• PROVIDED RECORDS:
- Opening Delimiter -

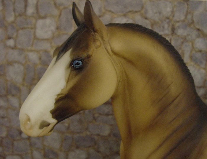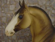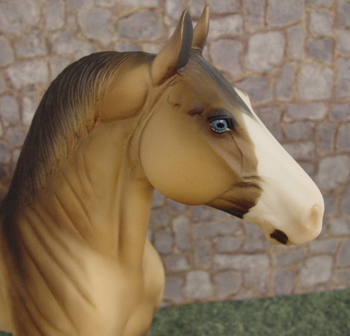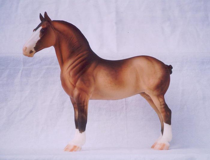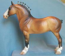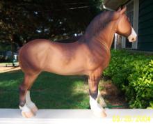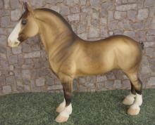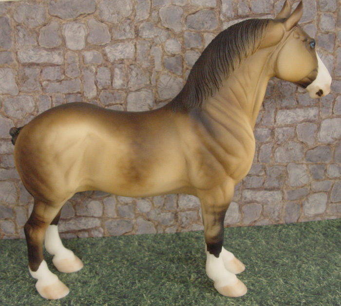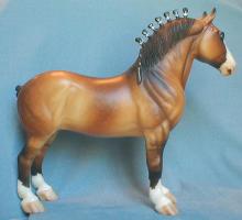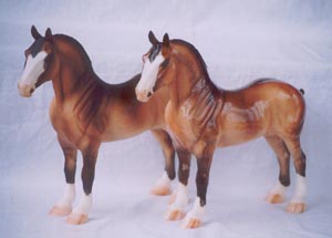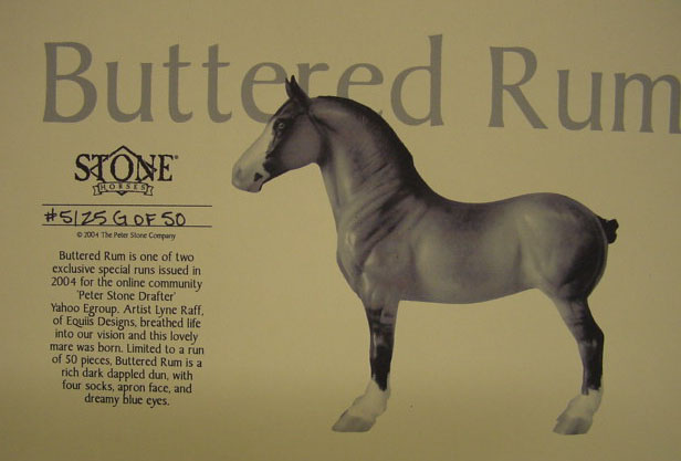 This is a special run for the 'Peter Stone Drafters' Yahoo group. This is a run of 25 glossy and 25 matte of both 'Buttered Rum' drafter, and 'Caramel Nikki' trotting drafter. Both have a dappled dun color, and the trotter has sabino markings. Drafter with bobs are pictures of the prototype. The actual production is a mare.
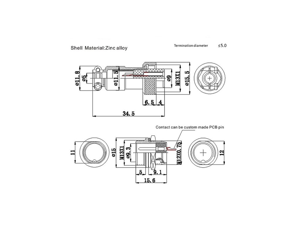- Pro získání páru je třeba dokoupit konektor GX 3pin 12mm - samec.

- Closing Delimiter -
- Opening Delimiter -

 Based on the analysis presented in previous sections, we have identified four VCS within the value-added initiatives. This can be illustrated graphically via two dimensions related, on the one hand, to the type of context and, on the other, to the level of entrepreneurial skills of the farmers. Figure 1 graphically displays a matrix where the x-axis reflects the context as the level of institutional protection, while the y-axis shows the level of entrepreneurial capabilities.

- Closing Delimiter -
- Opening Delimiter -

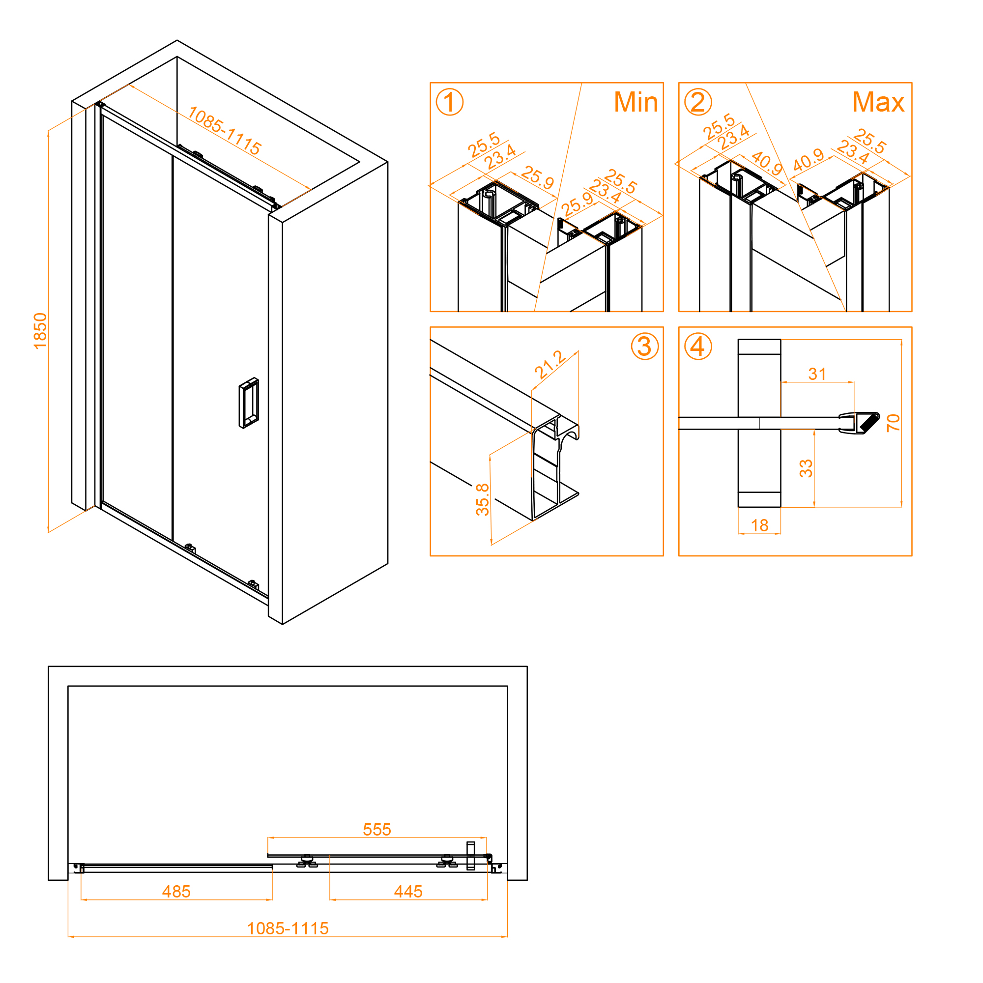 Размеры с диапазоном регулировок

- Closing Delimiter -

• TASK DIRECTIONS:
Give the lines above again exactly, from the one containing "This is a special" to the one containing "- Pro získání", both included, but leave out the pictures.

• EXERCISE ANSWER:
 This is a special run for the 'Peter Stone Drafters' Yahoo group. This is a run of 25 glossy and 25 matte of both 'Buttered Rum' drafter, and 'Caramel Nikki' trotting drafter. Both have a dappled dun color, and the trotter has sabino markings. Drafter with bobs are pictures of the prototype. The actual production is a mare.
- Pro získání páru je třeba dokoupit konektor GX 3pin 12mm - samec.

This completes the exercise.